With pictures excluded, give again exactly the lines running from the one holding "Залесский, Б. Встреча" through the end of the listing below.

------------------------------

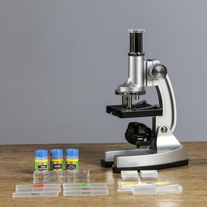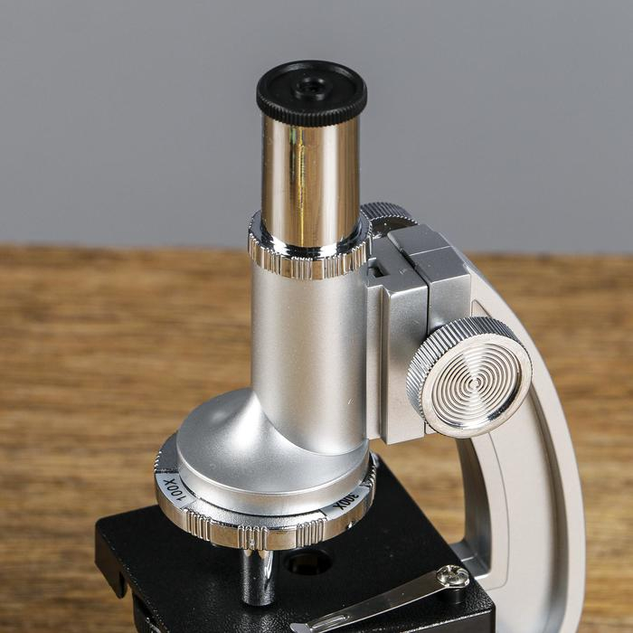 Микроскоп "Исследование", кратность увеличения 600х, 300х, 100х, с подсветкой, серебристый
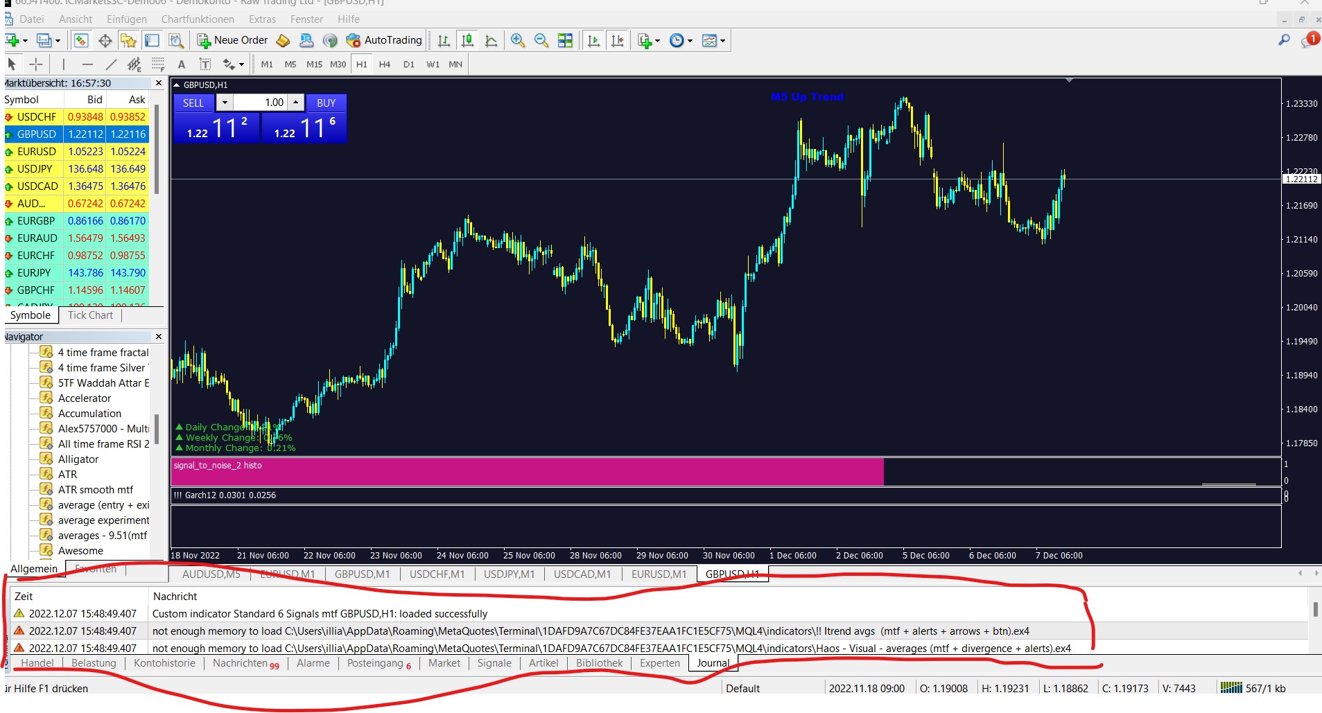 Since a few minutes I have the problem that when I open a new chart, most of the indicators are not loaded. The error message shown in the picture appears in the journal. Even a reinstallation of the MT4 has not changed anything. I have a completely new laptop with 16GB memory and also on my hard drive are still more than 200GB free. Do you have any idea what this could be?
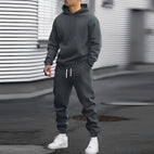 Das Aamon-Set für Herren besteht aus einem gemütlichen Kapuzenpullover und einer passenden Jogginghose, die für sportliche Aktivitäten und entspannte Ausflüge entwickelt wurden. Der weiche und atmungsaktive Stoff sorgt den ganzen Tag für Bequemlichkeit, hält warm und ermöglicht uneingeschränkte Bewegungsfreiheit. Das moderne Design garantiert Ihnen einen schmeichelhaften Look, egal ob Sie Besorgungen erledigen oder ins Fitnessstudio gehen. Mit seinen funktionalen Taschen und dem stilvollen Design ist es sowohl praktisch als auch modisch. Ein Muss für Männer, die Wert auf Komfort, Stil und Vielseitigkeit legen.
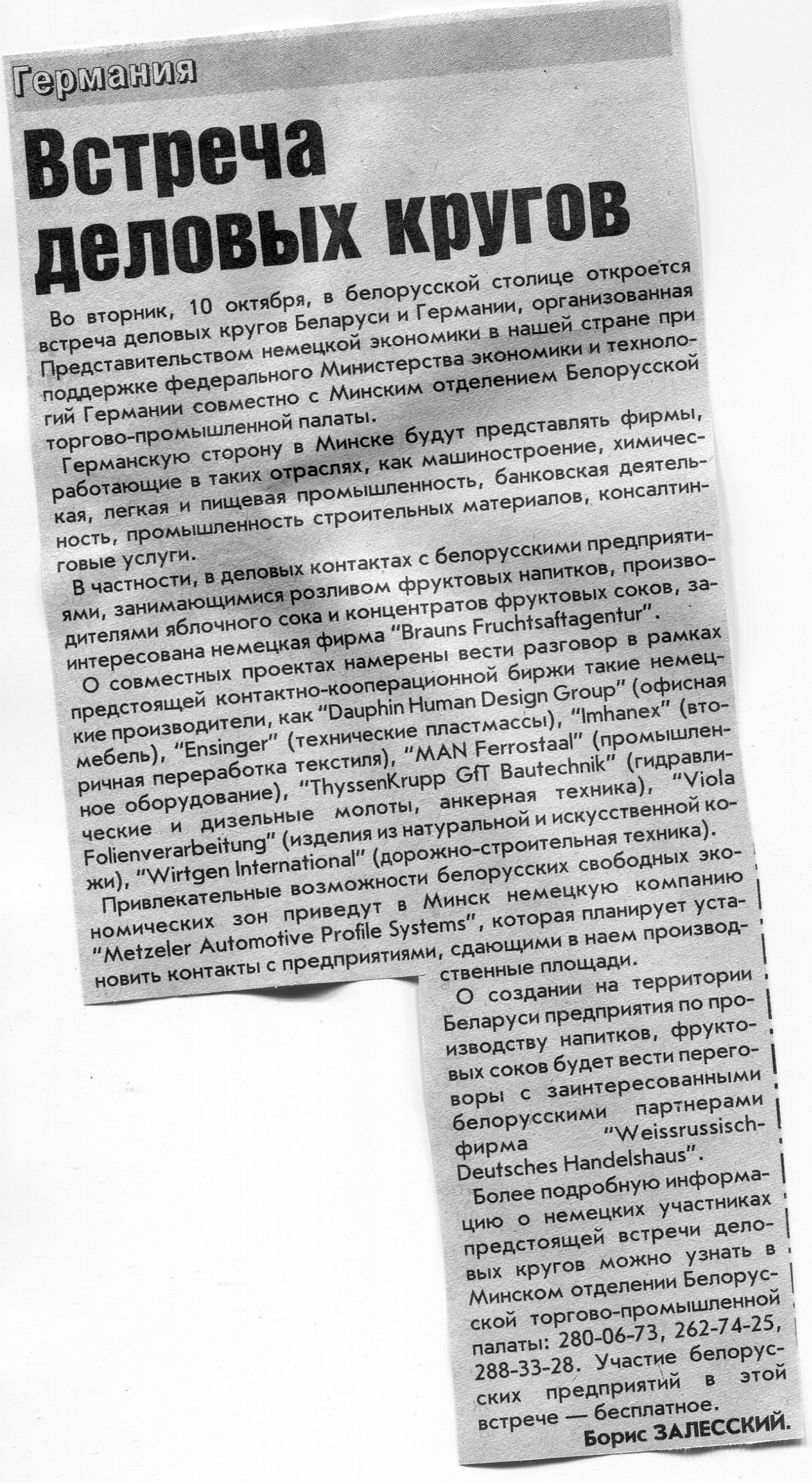 Залесский, Б. Встреча деловых кругов / Б. Залесский // Вечерний Минск. - 2005. - 10 окт.
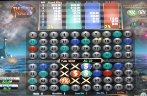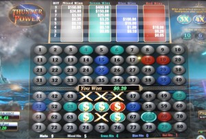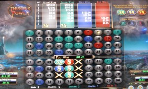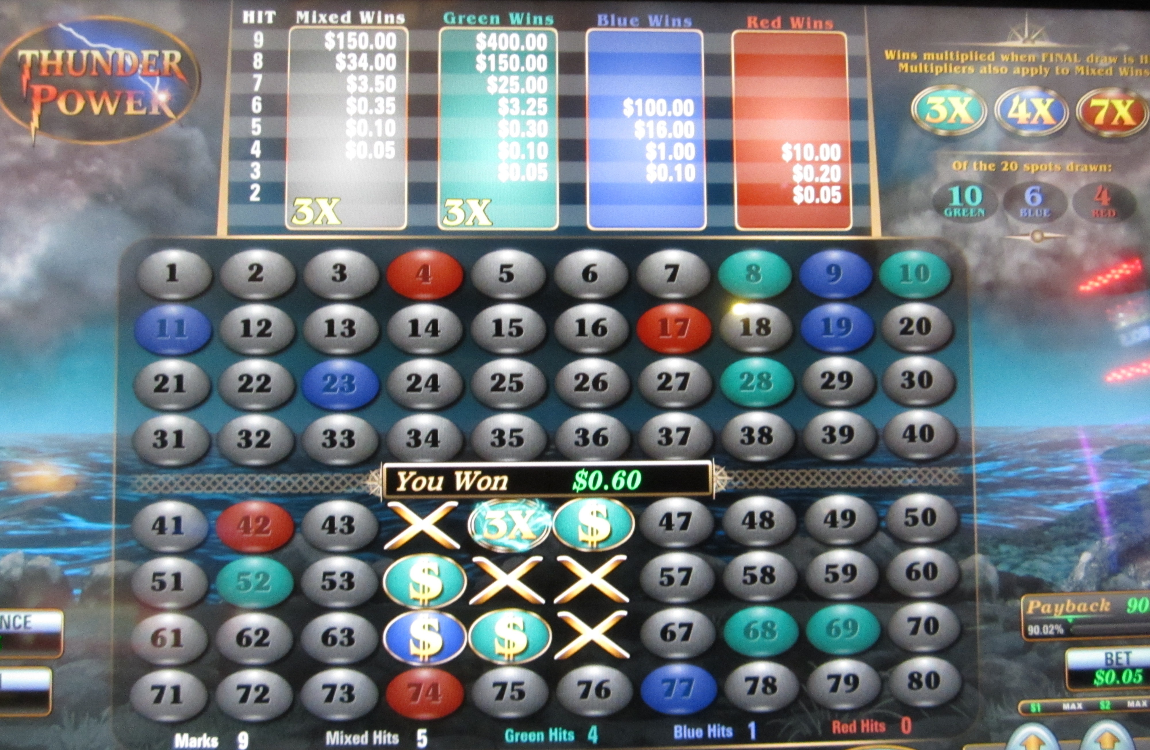 थंडर पावर एक कीनो-आधारित गेम है जो U1 गेमिंग द्वारा निर्मित मल्टी-गेम मशीनों पर उपलब्ध है। मैंने लास वेगास क्लब, रैम्पर्ट, एल कॉर्टेज़ और डॉटीज़ कैसिनो में ऐसी मशीनें देखी हैं। थंडर पावर की खासियत यह है कि इस गेम में अलग-अलग रंग की गेंदें निकाली जाती हैं, और हर रंग की गेंदों की संख्या और रंगों के मिश्रण के आधार पर, जीतने के चार अलग-अलग तरीके होते हैं।

------------------------------

# Answer to this problem:
 Залесский, Б. Встреча деловых кругов / Б. Залесский // Вечерний Минск. - 2005. - 10 окт.
 थंडर पावर एक कीनो-आधारित गेम है जो U1 गेमिंग द्वारा निर्मित मल्टी-गेम मशीनों पर उपलब्ध है। मैंने लास वेगास क्लब, रैम्पर्ट, एल कॉर्टेज़ और डॉटीज़ कैसिनो में ऐसी मशीनें देखी हैं। थंडर पावर की खासियत यह है कि इस गेम में अलग-अलग रंग की गेंदें निकाली जाती हैं, और हर रंग की गेंदों की संख्या और रंगों के मिश्रण के आधार पर, जीतने के चार अलग-अलग तरीके होते हैं।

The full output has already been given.